(Data shown Opens)
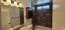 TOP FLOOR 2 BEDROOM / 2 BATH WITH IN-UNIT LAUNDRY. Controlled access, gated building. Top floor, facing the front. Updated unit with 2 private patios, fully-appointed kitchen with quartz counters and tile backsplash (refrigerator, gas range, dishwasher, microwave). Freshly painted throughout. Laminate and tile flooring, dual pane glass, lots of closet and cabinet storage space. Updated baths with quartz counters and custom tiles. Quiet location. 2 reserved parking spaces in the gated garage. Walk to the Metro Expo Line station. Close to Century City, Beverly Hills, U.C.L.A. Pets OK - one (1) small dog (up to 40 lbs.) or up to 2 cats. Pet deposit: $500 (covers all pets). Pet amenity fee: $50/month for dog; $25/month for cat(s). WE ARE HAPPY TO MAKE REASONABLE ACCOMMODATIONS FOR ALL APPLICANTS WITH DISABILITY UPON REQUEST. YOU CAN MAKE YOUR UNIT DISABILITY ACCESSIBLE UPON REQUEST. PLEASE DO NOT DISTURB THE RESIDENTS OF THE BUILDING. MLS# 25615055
(Data shown Closes)
(Data shown Opens)
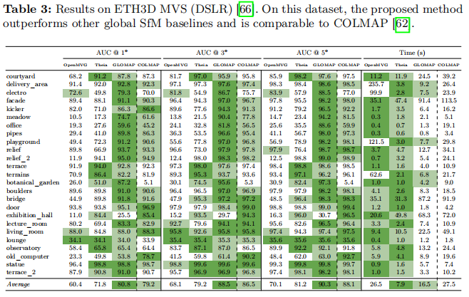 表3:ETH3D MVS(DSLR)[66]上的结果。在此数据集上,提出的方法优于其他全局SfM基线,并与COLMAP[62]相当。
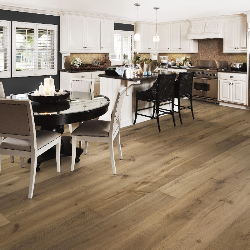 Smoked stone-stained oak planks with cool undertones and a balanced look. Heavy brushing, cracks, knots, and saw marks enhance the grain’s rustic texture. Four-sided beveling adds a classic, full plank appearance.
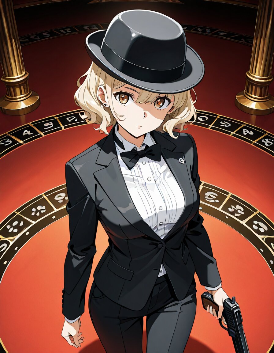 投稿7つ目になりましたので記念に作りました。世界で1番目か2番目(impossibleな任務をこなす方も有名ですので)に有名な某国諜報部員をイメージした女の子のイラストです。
(Data shown Closes)
Copy exactly the lines of the entries above from the one containing "表3:ETH3D MVS(D" through the one containing "投稿7つ目になりましたので記". Both end lines count; pictures do not.

* [Your response]:
 表3:ETH3D MVS(DSLR)[66]上的结果。在此数据集上,提出的方法优于其他全局SfM基线,并与COLMAP[62]相当。
 Smoked stone-stained oak planks with cool undertones and a balanced look. Heavy brushing, cracks, knots, and saw marks enhance the grain’s rustic texture. Four-sided beveling adds a classic, full plank appearance.
 投稿7つ目になりましたので記念に作りました。世界で1番目か2番目(impossibleな任務をこなす方も有名ですので)に有名な某国諜報部員をイメージした女の子のイラストです。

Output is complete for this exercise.